Exercise » Begin with the line below holding "AQUATLANTIS Combinaison Volga" and go on through the line holding "The IMS drive", duplicating each line exactly and leaving out pictures.

Entries supplied »
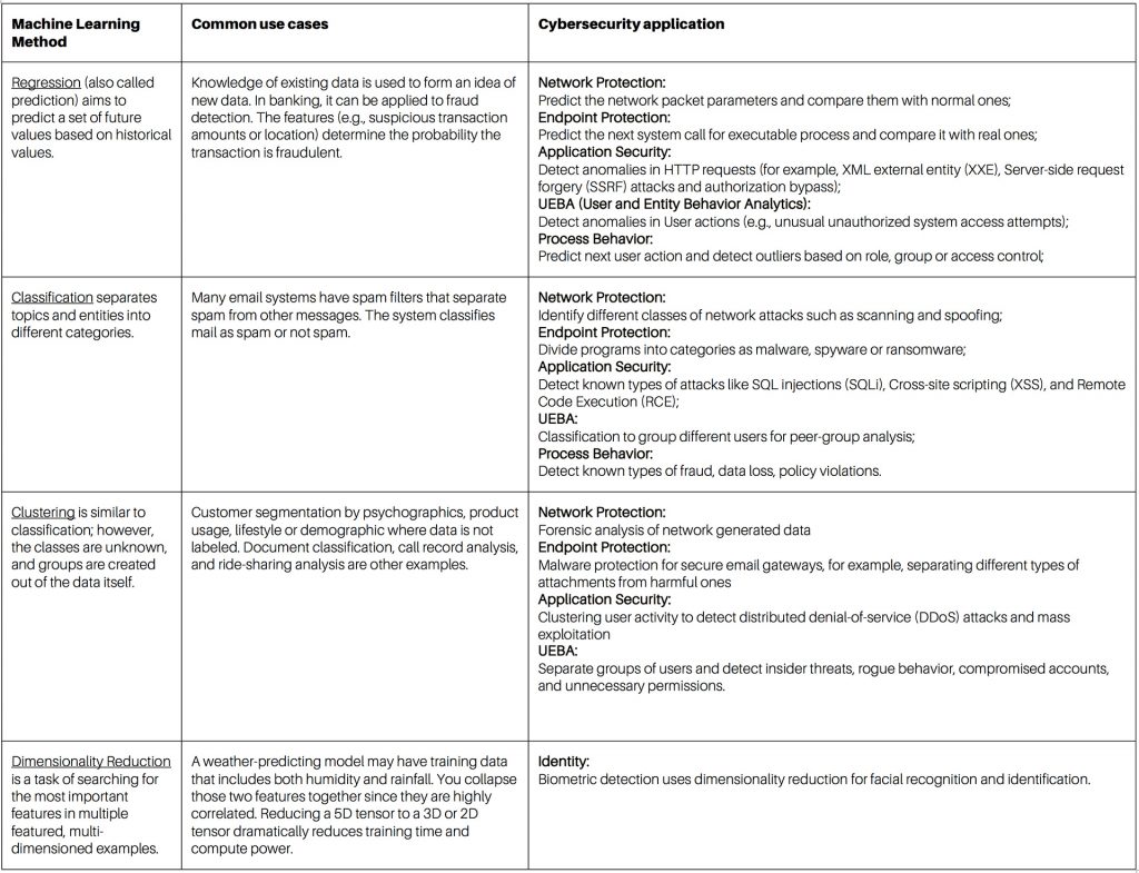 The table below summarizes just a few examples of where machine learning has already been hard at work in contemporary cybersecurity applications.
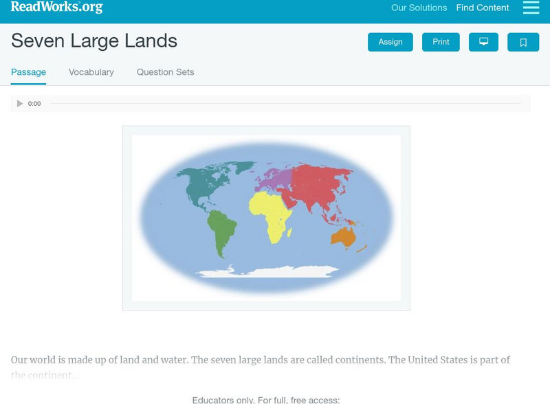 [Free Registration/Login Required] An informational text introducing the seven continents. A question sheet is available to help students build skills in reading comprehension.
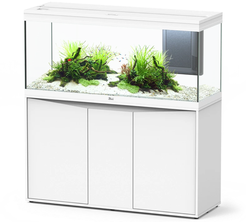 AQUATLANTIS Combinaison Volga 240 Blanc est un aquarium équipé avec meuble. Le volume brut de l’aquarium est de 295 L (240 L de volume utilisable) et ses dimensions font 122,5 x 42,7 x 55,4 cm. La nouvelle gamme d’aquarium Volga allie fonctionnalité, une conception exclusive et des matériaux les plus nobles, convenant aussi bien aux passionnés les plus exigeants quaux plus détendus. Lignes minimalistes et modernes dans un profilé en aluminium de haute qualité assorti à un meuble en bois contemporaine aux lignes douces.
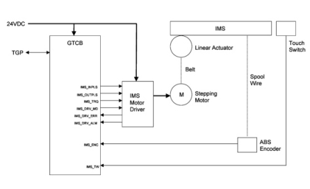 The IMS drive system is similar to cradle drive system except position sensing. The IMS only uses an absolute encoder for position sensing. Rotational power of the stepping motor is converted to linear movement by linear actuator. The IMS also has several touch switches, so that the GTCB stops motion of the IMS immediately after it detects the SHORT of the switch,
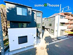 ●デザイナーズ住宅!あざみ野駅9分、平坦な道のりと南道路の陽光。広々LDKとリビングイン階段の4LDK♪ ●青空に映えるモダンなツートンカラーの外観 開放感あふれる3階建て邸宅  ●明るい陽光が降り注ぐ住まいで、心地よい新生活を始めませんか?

--

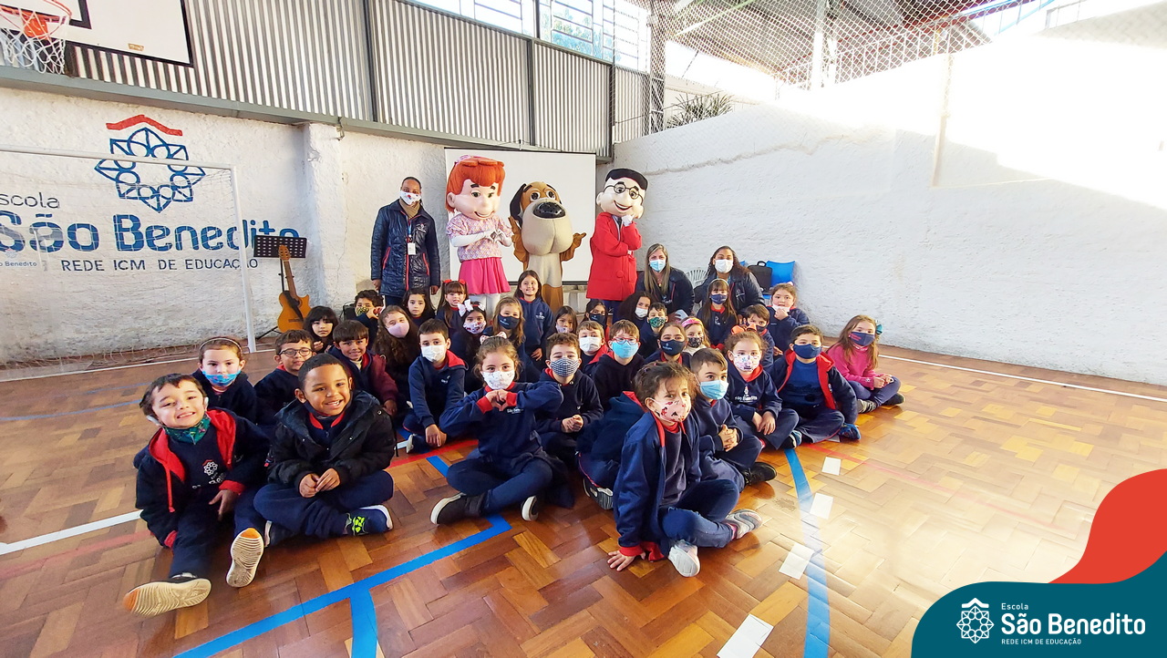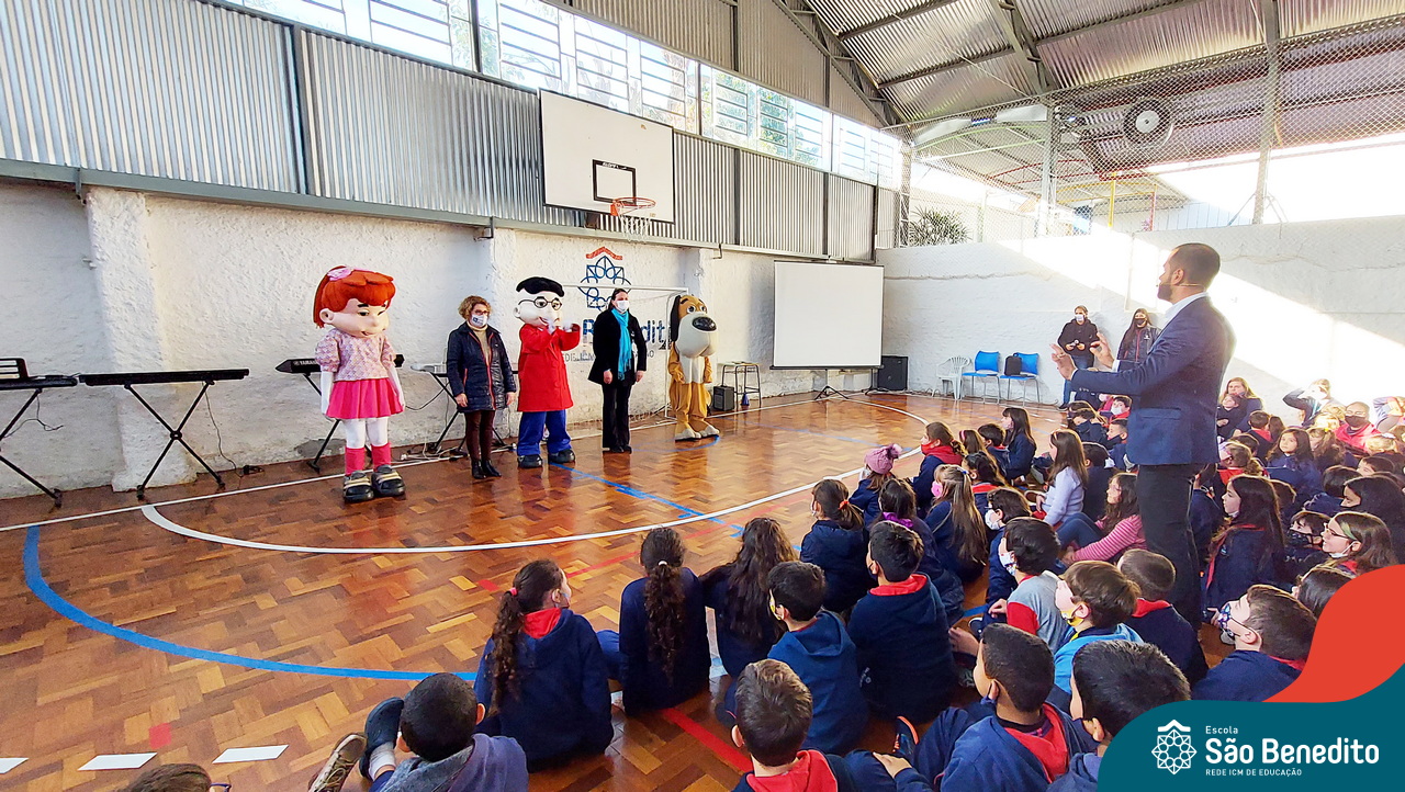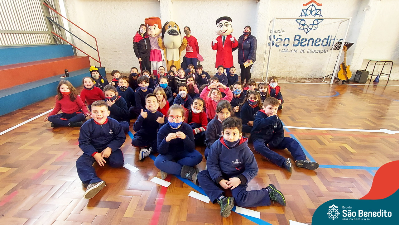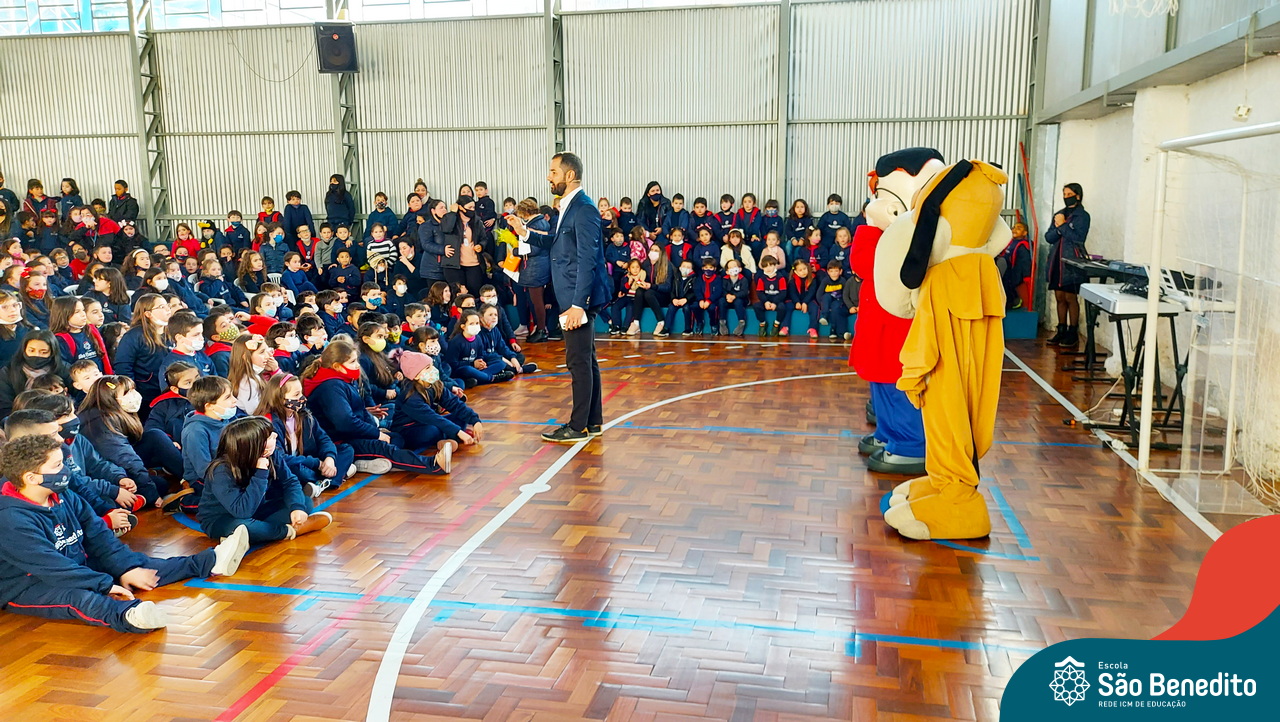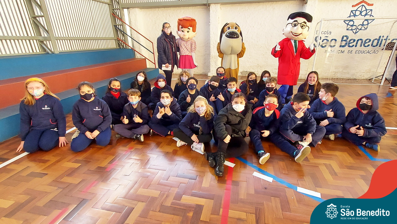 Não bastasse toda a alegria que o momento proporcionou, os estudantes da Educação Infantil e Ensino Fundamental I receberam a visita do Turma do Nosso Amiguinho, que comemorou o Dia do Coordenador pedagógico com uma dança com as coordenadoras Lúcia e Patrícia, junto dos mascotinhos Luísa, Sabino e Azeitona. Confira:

Answer to this exercise »
 AQUATLANTIS Combinaison Volga 240 Blanc est un aquarium équipé avec meuble. Le volume brut de l’aquarium est de 295 L (240 L de volume utilisable) et ses dimensions font 122,5 x 42,7 x 55,4 cm. La nouvelle gamme d’aquarium Volga allie fonctionnalité, une conception exclusive et des matériaux les plus nobles, convenant aussi bien aux passionnés les plus exigeants quaux plus détendus. Lignes minimalistes et modernes dans un profilé en aluminium de haute qualité assorti à un meuble en bois contemporaine aux lignes douces.
 The IMS drive system is similar to cradle drive system except position sensing. The IMS only uses an absolute encoder for position sensing. Rotational power of the stepping motor is converted to linear movement by linear actuator. The IMS also has several touch switches, so that the GTCB stops motion of the IMS immediately after it detects the SHORT of the switch,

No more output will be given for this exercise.